By the last week of September there was fighting in the halls of the palace nearly every day, and three Englishmen and a Spaniard were hanged following a murderous brawl. In the midst of the wrangling came the first whispered hints that the queen was pregnant.
XXXIX
Nowe singe, noive springe, owe care is exil’d
Owe virtuous Quene is quickned with child.

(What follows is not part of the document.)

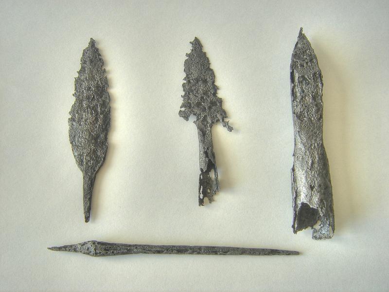Erstes Bild, ganz rechts: Vermute ne Speerspitze eines spät-römischen (evtl. HRRDN-Heiliges Römisches Reich Dt. Nation) Wurfspeeres (Pillum?). Kann mich hier natürlich irren, bin kein Fachmann der Antike, gell?
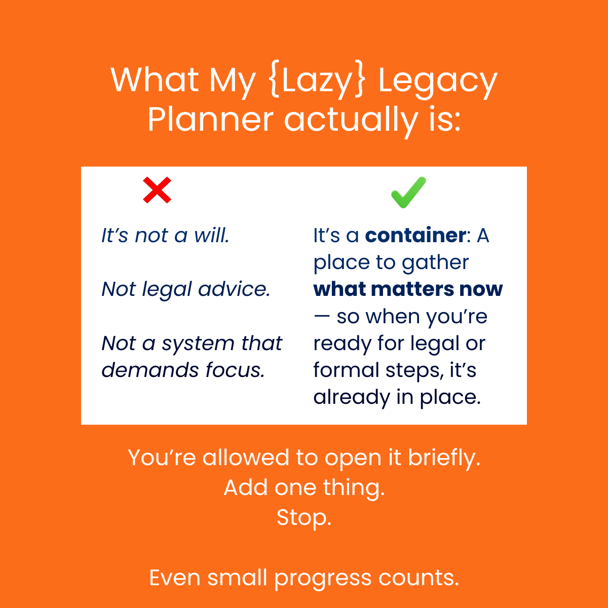 Not a legal document. Not homework. Just something you can open, start, and feel better about in under 10 minutes. Even completing one prompt today creates a mental shift. Use it yourself or gift it to someone who keeps putting this off.

When Mary’s physicians told her in September that in all probability she was pregnant the news wa
s deeply satisfying. Once again God had intervened at a decisive moment, this time lifting her above the limitations of age and health that many said would prevent her from having children. The event was congruent with the fortuitous course of her life, which had been preserved amid danger and prospered in the face of seemingly overwhelming odds. That she had outlived her father was an amazing improbability; that she had come to the throne a near miracle. Her triumph over Dudley, her resolute defiance of Wyatt, her determined accomplishment of the Spanish marriage were feats none of the men around her had believed possible. To Mary these improbable triumphs were ever increasing proof that she was being guided toward the divinely ordained destiny of restoring the true faith in England. The culmination of that destiny would be the birth of a Catholic heir to ensure that Mary’s religious changes would not die with her.
The immediate effect of the good news was to calm the escalating hostilities between the Spaniards and the English. The rapprochement came none too soon, for the enmity of the English had reached such a pitch that several mass assassinations had been plotted. According to Noailles, one of these plots called for the conspirators to surround Hampton Court in the middle of the night, storm the palace, and slaughter all the Spaniards inside—and the queen and her councilors with them, Noailles felt sure. There were more than enough assaults on a smaller scale to make this rumored conspiracy plausible. The English had begun to carry arquebuses everywhere they went, and at the slightest alarm they rushed through the streets, weapons in hand, falling upon the firstSpaniards they met. Renard reported seeing one of the lower court functionaries attack and beat two Spaniards as they walked in the street at three o’clock in the afternoon. He was no match for them, and soon ran off, but before he did he pulled a gun from under his cloak, pointed it at one of the foreigners, and then, “to show what a brave man he was,” fired it into the air.1 The Spaniards did not take such insults lightly. Three days after this incident occurred the injured parties found their assailant and killed him not far from the palace.